2. The dual-split rectifier split transformer according to claim 1, characterized in that: The upper part of the upper coil is provided with a first upper lead terminal, and the lower part of the upper coil is provided with a first lower lead terminal. The three phase upper coils are connected by a D-connection through the first upper lead terminal and the first lower lead terminal, and the first lower lead terminal of the upper coil constitutes the output terminal of the D-connection.
3. The dual-split rectifier split transformer according to claim 2, characterized in that: The lower coil has a second upper lead terminal on its upper part and a second lower lead terminal on its lower part. The three lower coils are connected by a Y-connection through the second lower lead terminal, and the second upper lead terminal of the lower coil constitutes the output terminal of the Y-connection.
4. The dual-split rectifier split transformer according to claim 3, characterized in that: The housing is provided with a first through-wall sleeve that corresponds one-to-one with each output terminal of the outer coil.
5. The dual-split rectifier split transformer according to claim 3, characterized in that: The dual-split rectifier split transformer also includes a first lead copper tube.

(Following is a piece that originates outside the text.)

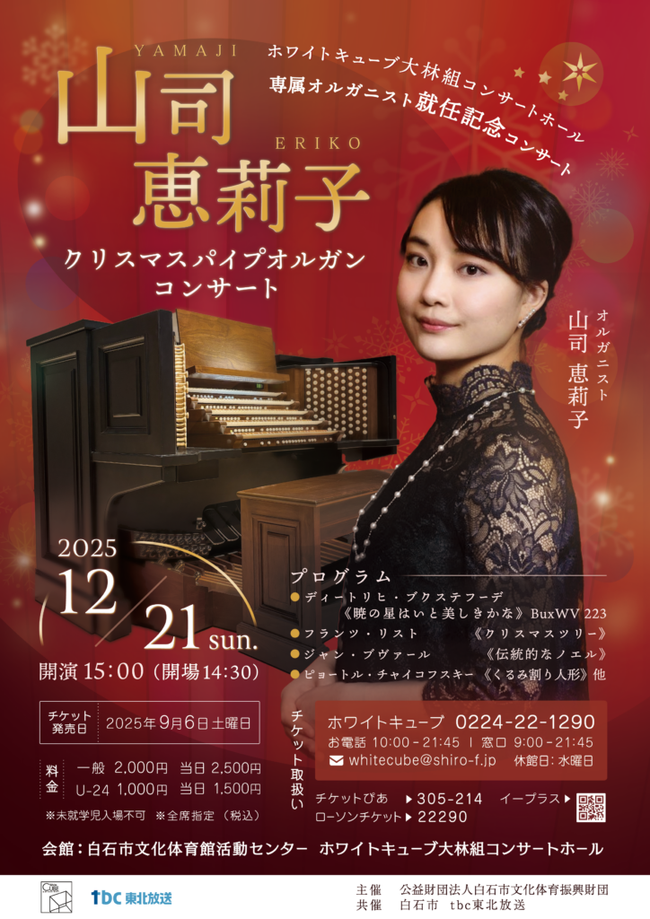 2025年12月21日(日)~12月21日(日)~ ホワイトキューブ大林組コンサートホール 専属オルガニスト就任記念コンサート~ 山司恵莉子クリスマスパイプオルガンコンサート

The three-phase upper coils are connected by a D-connection through the first lead copper tube, and the three-phase lower coils are connected by a Y-connection through another first lead copper tube.

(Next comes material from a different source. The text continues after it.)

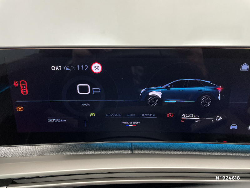 Boîte de vitesse automatique, séquentielle (6 rapports) / PEUGEOT i-Connect Advanced - Connect Plus: Reconnaissance vocale connectée en langage naturel, ChatGPT (Disponibilité ultérieurement) Services de sécurité: alarme connectée (Si véhicule équipé de l?alarme,) Services à distance (Remote Control, Find My Car, My Trip Report, Peugeot Skill for Alexa), Fonctions de Navigation (Trafic en temps réel, prévisions météorologiques,parking, recherche TomTom, limitations de vitesse, prix du carburant, mise à jour cartographie Over The Air, Send to Nav, Geofenci / Frein de stationnement électrique / Sellerie tissu NEW UZIRIS embossé, accompagnement TEP Isabella, écharpe tissu RIMINI chiné, surpiqûres Iced Clay / Eclairage intérieur Miroirs de courtoisie conducteur et passager occultables éclairés à LED / Pack Safety Plus Régulateur / Limiteur de vitesse, Freinage d'urgence automatique avec alerte risque de collision et protection des usagers de la route vulnérables (piétons, cyclistes,... ) Alerte active de franchissement involontaire de ligne et bas côté, Reconnaissance étendue des panneaux de signalisation et préconisation de vitesse, Alerte attention conducteur / 2 prises 12 V (Console centrale, coffre) / 6 haut-parleurs (2 tweeters et 2 woofers à l'AV et 2 larges bandes à l'AR) / Rétroviseurs extérieurs dégivrants avec réglage et rabattement électriques,éclairage de seuil / Sièges AV à réglage en hauteur manuel / 4 poignées de maintien rétractables (2 à l'AV et 2 à l'AR) / Essuie-vitre AV à déclenchement automatique / PEUGEOT i-Cockpit panoramique avec écran incurvé et flottant 21'' HD / Plancher de coffre modulable 2 positions / Recharge smartphone sans fil (puissance 15W) / PEUGEOT i-Connect Advanced - Connect Plus: Reconnaissance vocale connectée en langage naturel, ChatGPT (Disponibilité ultérieurement) Services de sécurité: alarme connectée (Si véhicule équipé de l?alarme,) Services à distance (E Remote Control, Remote Control, Find My Car, My Trip Report, Peugeot Skill for Alexa), Fonctions de Navigation (Trafic en temps réel, prévisions météorologiques,parking, recherche TomTom, limitations de vitesse, prix du carburant, mise à jour cartographie Over The Air, Send to Nav, Geofenci / Pack Safety Plus Régulateur / Limiteur de vitesse, Freinage d'urgence automatique avec alerte risque de collision, Alerte active de franchissement involontaire de ligne et bas côté, Reconnaissance étendue des panneaux de signalisation et préconisation de vitesse, Alerte attention conducteur / Pédalier et repose pied aluminium / Lève-vitres AV et AR électriques séquentiels avec antipincement / Eléments de style éxterieur Bandeau entre les projecteurs Noir laqué avec logo '3008'. Calandre couleur caisse, écopes latérales Noir laqué, décor inférieur Gris Meteor, jupe inférieure Noir grainé. Vitres AR, vitres de custode et lunette AR surteintées. Lécheurs de vitres masqués. Enjoliveurs de passages de roues et protections inférieures de portes Noir grainé. Bandeau entre les feux AR Noir laqué avec lettrage 'PEUGEOT'. Pare chocs AR avec décor Gris Meteor et jupe inférieure Noir grainé, Monogrammes AV et AR / Pare-brise feuilleté acoustique / Commutation automatique des feux de route / Surtapis AV et AR avec surpiqûres Iced Clay et logo 'GT' / Volant compact, cuir fleur lisse et perforé avec commandes intégrées Noir Laqué, décors Cast Iron, surpiqûres Iced Clay, insert Noir laqué avec badge ?GT? / Accès et démarrage mains libres Proximity 2 Télécommandes 3 boutons (verrouillage, coffre, déverrouillage) / Vitres AR, custodes et lunette AR teintées / Détection de sous-gonflage indirecte / Monogrammes AR '3008' et 'Hybrid / Drive Assist - Régulateur de vitesse adaptatif avec fonction Stop & Go / PEUGEOT i-Cockpit panoramique avec écran incurvé et flottant 21?? HD / PEUGEOT i-Toggles virtuels avec 10 raccourcis personnalisables / Siège conducteur à réglage lombaire manuel / Projecteurs PEUGEOT PIXEL LED Eclairage adaptatif, commutation automatique des feux de route, feux de route avec fonctions anti éblouissement et boost / Monogrammes ailes AV: 'blason PEUGEOT' / Volant chauffant / Commutation adaptative des projecteurs / Eclairage intérieur Miroirs de courtoisie conducteur et passager occultables éclairés à LED, Plafonnier AV et lisseuses AR i-DOME tactiles à LED / Toit et becquet AR Black Diamond / Hayon motorisé avec accès mains libres / Eclairage d'ambiance indirect, jour & nuit sur la planche de bord, les panneaux de portes AV et sous l'écran panoramique 21'', associé aux modes de conduite, personnalisable en 8 couleurs / PEUGEOT i-Connect Advanced Navigation 3D connectée, 4 prises USB: 1 prise USB C (Data & charge) et 1 prise USB C (Charge) à l'AV, 2 prises USB C (Charge) à l'AR / Jantes alliage 19" diamantées BREDA Noir Orbital, vernis brillant / Banquette AR avec dossier rabattable 40/20/40 / Monogrammes AV: 'blason PEUGEOT' et '3008' / 6 airbags: frontaux conducteur et passager auto-adaptatifs (passager neutralisable par clé), latéraux conducteur et passager AV (thorax et bassin), rideaux aux places AV et AR (tête et thorax) / Visiopark 1 Caméra de recul & aide au stationnement AV et AR, graphique et sonore / Seuil de portes AV inox avec lettrage ?PEUGEOT? / Habitacle et ciel de pavillon noir / Eléments de style intérieure Planche de bord moussée avec décor tissu RIMINI chiné, décor d?alcôve en Aluminium sérigraphié, façade et aérateurs Noir laqué avec décor Cast Iron, Panneaux de portes avec décor tissu RIMINI chiné, décor d?alcôve en Aluminium sérigraphié et jonc Cast Iron, accoudoirs TEP Isabella, surpiqûres Iced Clay à l' AV, Console centrale avec décor tissu RIMINI chiné, façade Noir laqué et jonc Cast Iron, accoudoir tissu RIMINI chiné

6. The dual-split rectifier split transformer according to claim 5, characterized in that: An insulating pad is provided between the upper coil and the corresponding lower coil. A first epoxy board is provided on the inner wall of the housing along the direction of the first lead copper tube, and each of the first lead copper tubes is disposed on the corresponding first epoxy board.
7. The dual-split rectifier split transformer according to claim 1, characterized in that: The inner coil has an upper lead at its top and a lower lead at its bottom. The three-phase inner coils are connected end-to-end via the upper and lower leads using a D-connection, and the upper lead of the inner coil forms the output terminal of the D-connection.

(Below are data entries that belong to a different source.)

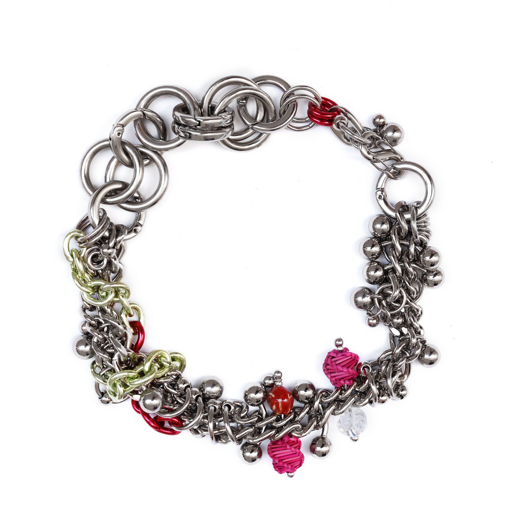 Material: Steel and aluminium chains, glass beads, ceramics and Colonião grass.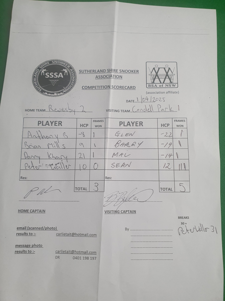 | POS | Revesby Workers #2 | Frame Won | Break | Condell Park #1 | Frame Won | Break | Result Note | Updated on | Update by |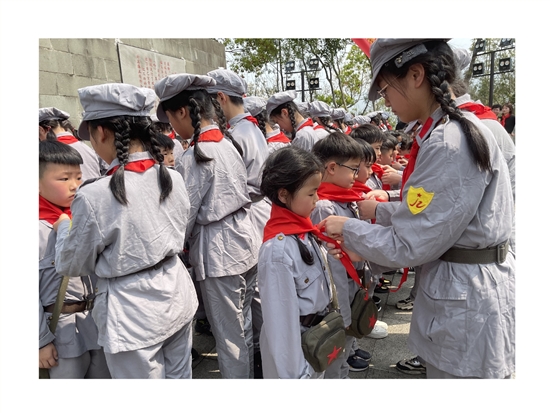 本报讯(记者江倩倩)4月1日, 坞根红军小学、九龙学校小学部、箬山小学、潘郎小学4所学校的148名一年级小学生在坞根红军小学“会师”,联合开展“传承红色基因,争做新时代好少年”分批入队活动,当一回小红军,重温一次红色记忆。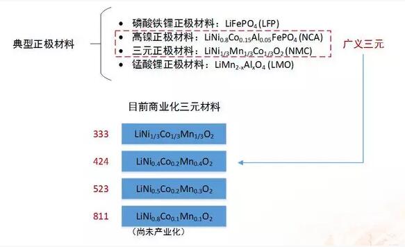 可以看到我發(fā)出的這張圖中,用紅框標(biāo)出來(lái)的是三元電池的一個(gè)分類,與它的一個(gè)組成。在三元電池當(dāng)中實(shí)際還分了很多種,以它三種元素配比的不同分別分為333、424、523、811,還有NCA這種細(xì)分的一個(gè)產(chǎn)品。所以就它內(nèi)部來(lái)說(shuō),這個(gè)材料還是有很大的改善空間。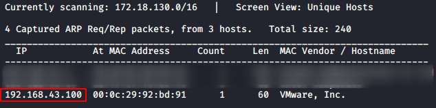 We downloaded, imported and ran the virtual machine (.ova) on the VMWare Workstation, the machine will automatically be assigned an IP address from the network DHCP. To begin we will find the IP address of our target machine, for that use the following command as it helps to see all the IP’s in an internal network: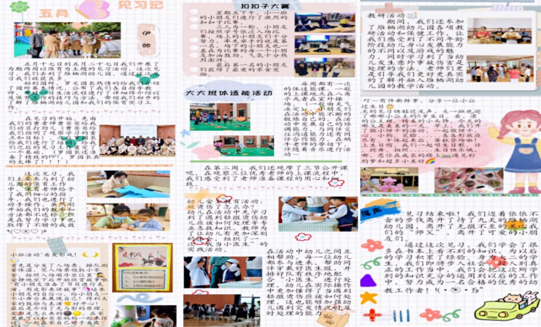 紙上得來(lái)終覺(jué)淺,絕知此事要躬行,在幼兒園見(jiàn)習(xí)的幾天時(shí)間里,小老師們?cè)诒Sぷ?、環(huán)境創(chuàng)設(shè)、活動(dòng)組織等方面都進(jìn)行了實(shí)踐,在班級(jí)老師的細(xì)心指導(dǎo)下,小老師們逐漸熟悉各項(xiàng)工作,從青澀到熟練,從理論到實(shí)踐……

8. The dual-split rectifier split transformer according to claim 7, characterized in that: The dual-split rectifier split transformer also includes a second lead copper tube arranged outside the outer coil. The upper lead is led out from the top of the inner coil and connected to the second lead copper tube at the corresponding position. The lower lead is led out from the bottom of the inner coil and connected to the second lead copper tube at the corresponding position. A second epoxy plate is provided on the inner wall of the housing along the direction of the second lead copper tube, and each second lead copper tube is located on the corresponding second epoxy plate.
9. The dual-split rectifier split transformer according to claim 7, characterized in that: The housing is provided with a second through-wall sleeve that corresponds one-to-one with each output terminal of the inner coil.
10. The dual-split rectifier split transformer according to claim 7, characterized in that: The inner coil has a segmented structure along the axis.